-- Opening Marker --

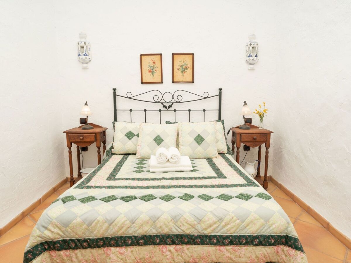 The bedroom is furnished with a double bed and a wardrobe.
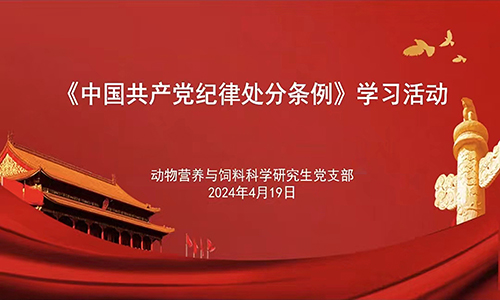 4月19日,公司动物营养与饲料科学研究生党支部在腾讯会议开展研究生党纪学习启动大会,本次会议由支部书记郭咏梅主讲,党支部全体成员参加,党支部副书记贾宇达主持。
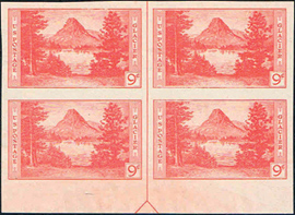 ![]() "Great Seal of the United States" Air Post Special Delivery, Scott 771, of which only 5,734 were printed is priced at just $42.50. ![]() "Mt, Rockwell, Glacier National Park" Plate Block, Scott 764, 1934 |
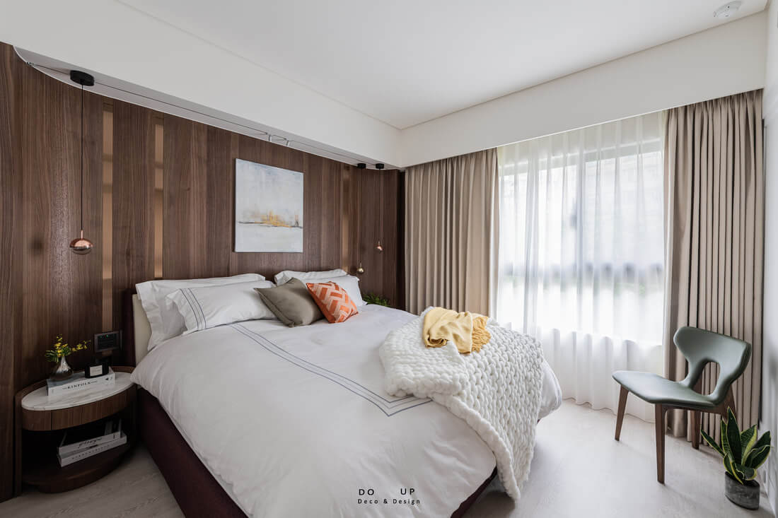 核桃木色系的床頭牆,搭配上古銅的吊燈。我們用淺色系的畫作和跳色抱枕去裝飾,亮黃色的毯子也提升了整個空間的活潑性。
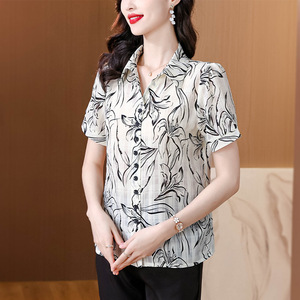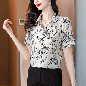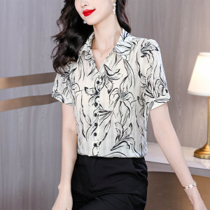 短袖雪纺衬衫女2025夏季新款洋气宽松显瘦遮肚子印花百搭时尚衬衣
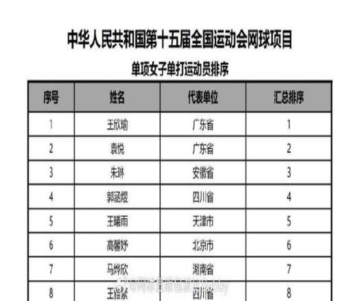 北京时间今日,全运会官方公布了网球女单项目的运动员排序,其中郑钦文已经不在名单之中,确认退出本届全运会女单赛事。

-- Closing Marker --

▶ **DESCRIPTION OF THE TASK**
Transcribe the listing above exactly, but only from the line with "4月19日,公司动物营养与饲" through the line with "764, 1934 |". Include both of those lines and omit the pictures.

▶ **RESPONSE AREA**
 4月19日,公司动物营养与饲料科学研究生党支部在腾讯会议开展研究生党纪学习启动大会,本次会议由支部书记郭咏梅主讲,党支部全体成员参加,党支部副书记贾宇达主持。
 ![]() "Great Seal of the United States" Air Post Special Delivery, Scott 771, of which only 5,734 were printed is priced at just $42.50. ![]() "Mt, Rockwell, Glacier National Park" Plate Block, Scott 764, 1934 |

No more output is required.